## Source data
=-=-=-=-=

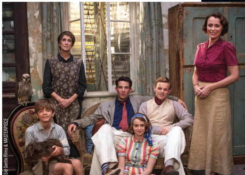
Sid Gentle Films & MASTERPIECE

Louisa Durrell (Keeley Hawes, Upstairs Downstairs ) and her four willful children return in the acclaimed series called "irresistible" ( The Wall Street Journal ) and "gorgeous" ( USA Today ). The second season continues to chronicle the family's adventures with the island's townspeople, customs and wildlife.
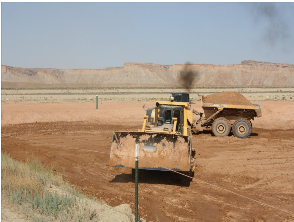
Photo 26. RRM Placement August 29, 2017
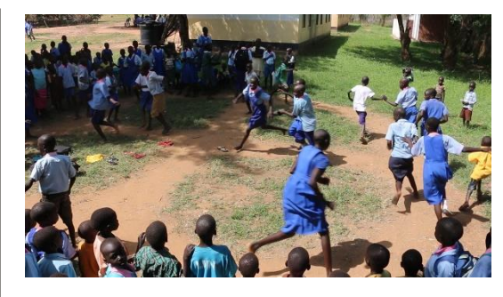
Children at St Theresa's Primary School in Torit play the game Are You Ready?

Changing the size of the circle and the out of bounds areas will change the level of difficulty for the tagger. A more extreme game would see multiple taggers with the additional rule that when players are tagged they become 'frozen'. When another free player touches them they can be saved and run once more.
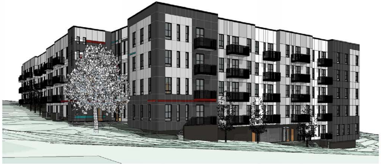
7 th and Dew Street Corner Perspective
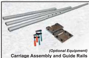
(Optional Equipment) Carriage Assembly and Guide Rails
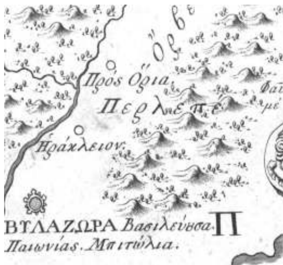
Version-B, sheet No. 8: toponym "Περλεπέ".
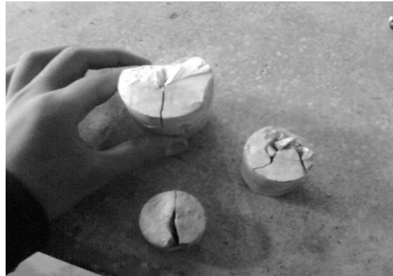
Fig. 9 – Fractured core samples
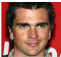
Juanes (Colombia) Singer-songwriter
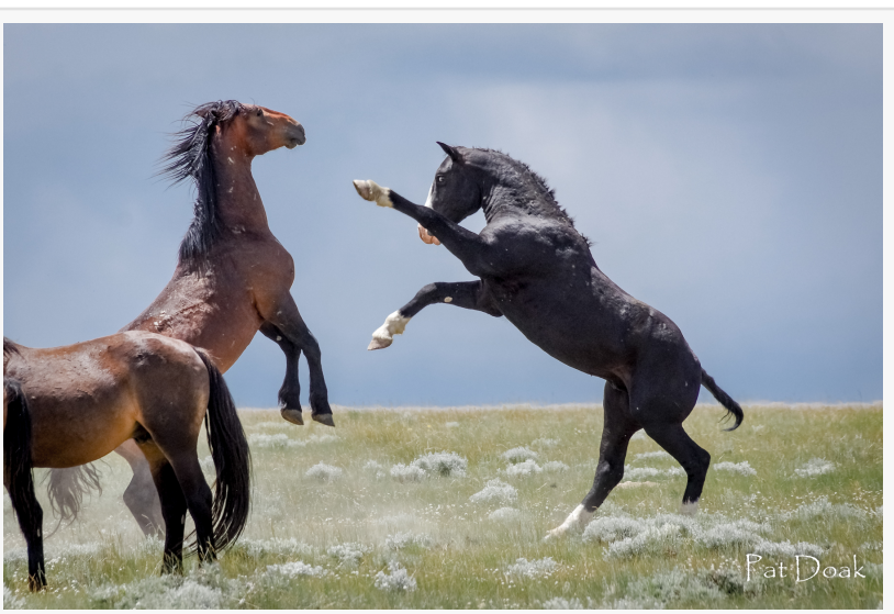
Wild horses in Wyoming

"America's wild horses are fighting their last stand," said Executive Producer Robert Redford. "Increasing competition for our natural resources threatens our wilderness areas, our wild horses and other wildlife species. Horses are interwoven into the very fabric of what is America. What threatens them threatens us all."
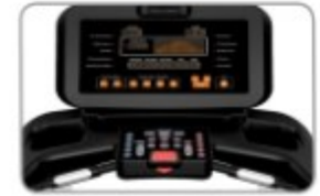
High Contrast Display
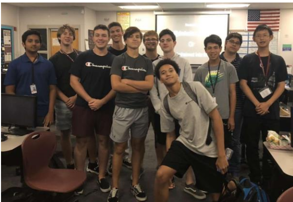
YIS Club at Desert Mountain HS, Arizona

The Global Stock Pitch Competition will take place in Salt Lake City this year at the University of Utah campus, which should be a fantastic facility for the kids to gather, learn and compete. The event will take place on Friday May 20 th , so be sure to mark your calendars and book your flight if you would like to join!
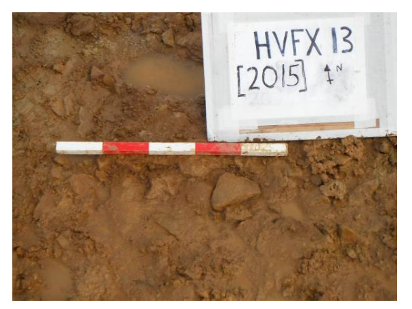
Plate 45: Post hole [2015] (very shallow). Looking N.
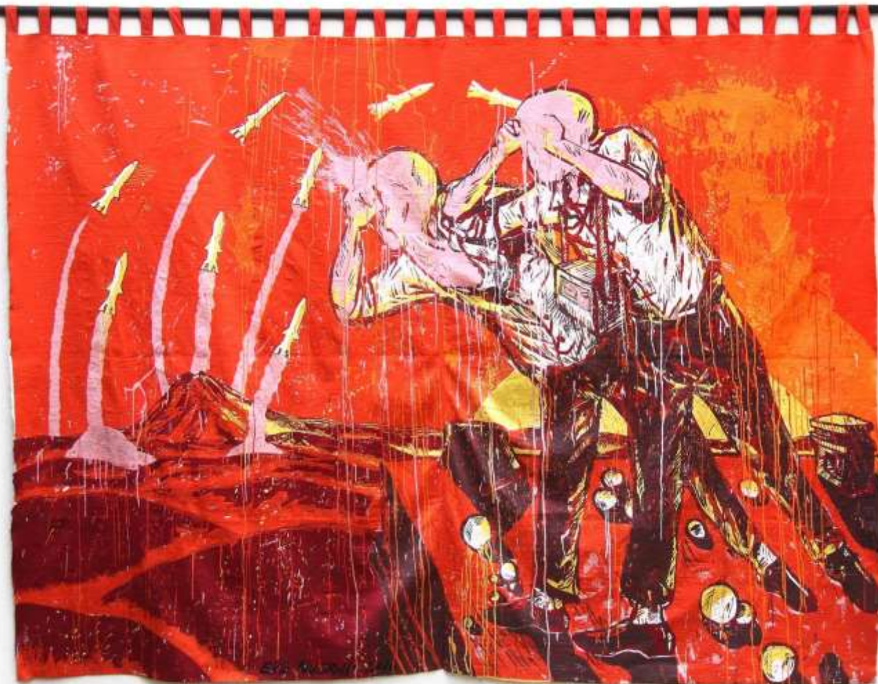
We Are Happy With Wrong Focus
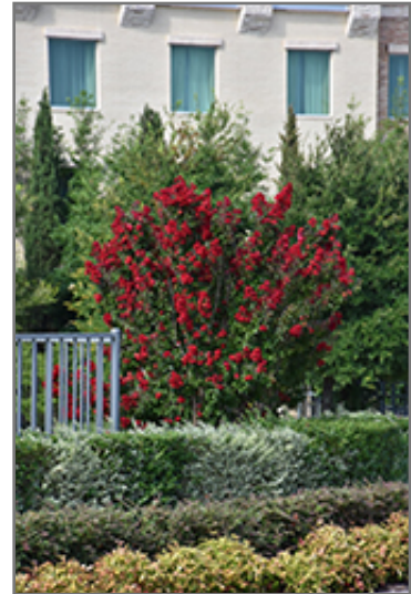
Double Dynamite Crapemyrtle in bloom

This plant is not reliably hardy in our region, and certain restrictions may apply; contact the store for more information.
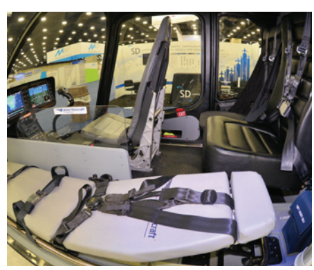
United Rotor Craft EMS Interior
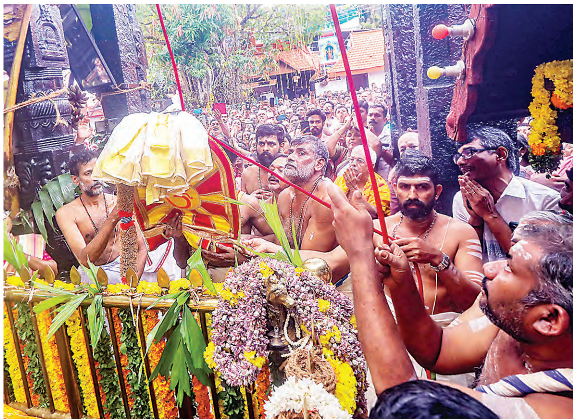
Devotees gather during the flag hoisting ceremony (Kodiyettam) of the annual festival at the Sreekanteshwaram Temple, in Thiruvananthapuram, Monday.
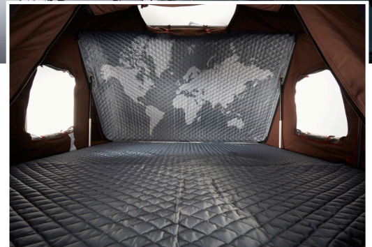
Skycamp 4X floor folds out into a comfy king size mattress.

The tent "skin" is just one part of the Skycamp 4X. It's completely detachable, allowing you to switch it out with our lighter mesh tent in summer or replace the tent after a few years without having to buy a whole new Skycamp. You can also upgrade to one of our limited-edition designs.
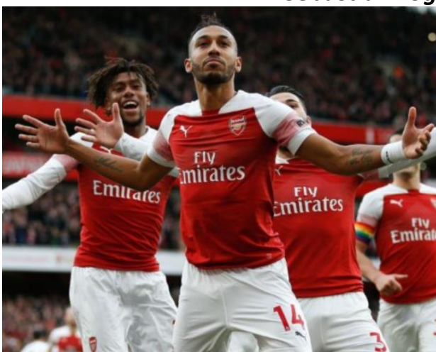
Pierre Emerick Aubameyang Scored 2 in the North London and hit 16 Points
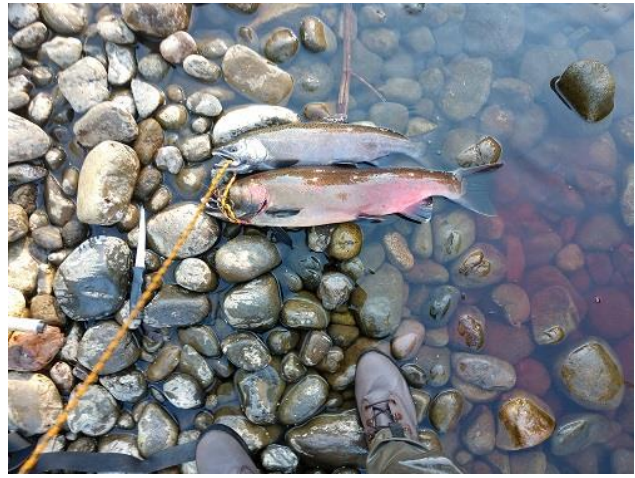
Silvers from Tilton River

=-=-=-=-=

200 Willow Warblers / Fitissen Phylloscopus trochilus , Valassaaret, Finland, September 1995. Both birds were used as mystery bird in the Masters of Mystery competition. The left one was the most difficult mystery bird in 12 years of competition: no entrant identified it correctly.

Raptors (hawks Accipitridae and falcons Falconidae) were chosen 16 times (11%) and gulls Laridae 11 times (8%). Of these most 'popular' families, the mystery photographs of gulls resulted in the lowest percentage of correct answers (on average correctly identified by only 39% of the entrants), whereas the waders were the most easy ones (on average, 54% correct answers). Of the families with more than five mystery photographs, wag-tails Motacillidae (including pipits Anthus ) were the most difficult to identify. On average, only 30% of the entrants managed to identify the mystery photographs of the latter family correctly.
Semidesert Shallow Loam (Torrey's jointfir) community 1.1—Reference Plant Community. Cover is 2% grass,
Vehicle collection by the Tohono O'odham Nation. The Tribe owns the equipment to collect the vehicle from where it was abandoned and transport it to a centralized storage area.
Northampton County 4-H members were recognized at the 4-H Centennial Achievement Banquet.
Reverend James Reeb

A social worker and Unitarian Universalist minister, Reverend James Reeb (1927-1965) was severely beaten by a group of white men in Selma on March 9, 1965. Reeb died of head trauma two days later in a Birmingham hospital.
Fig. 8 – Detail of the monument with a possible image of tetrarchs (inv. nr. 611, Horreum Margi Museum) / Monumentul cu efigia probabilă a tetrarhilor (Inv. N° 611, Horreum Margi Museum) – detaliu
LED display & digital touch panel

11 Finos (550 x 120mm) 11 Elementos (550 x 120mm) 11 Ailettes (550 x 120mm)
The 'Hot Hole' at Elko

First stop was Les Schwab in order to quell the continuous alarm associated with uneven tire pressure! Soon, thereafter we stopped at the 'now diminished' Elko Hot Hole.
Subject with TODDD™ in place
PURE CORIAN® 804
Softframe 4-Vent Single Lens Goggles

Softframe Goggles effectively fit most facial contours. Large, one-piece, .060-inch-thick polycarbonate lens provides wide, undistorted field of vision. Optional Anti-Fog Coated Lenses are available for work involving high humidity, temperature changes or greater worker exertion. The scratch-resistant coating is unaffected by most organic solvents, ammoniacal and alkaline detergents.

=-=-=-=-=

## Goal of the exercise
Give the lines above again exactly, from the one containing "Plate 45: Post" to the one containing "United Rotor Craft EMS Interior", both included, but leave out the pictures.

## Solved exercise
Plate 45: Post hole [2015] (very shallow). Looking N.
We Are Happy With Wrong Focus
Double Dynamite Crapemyrtle in bloom

This plant is not reliably hardy in our region, and certain restrictions may apply; contact the store for more information.
United Rotor Craft EMS Interior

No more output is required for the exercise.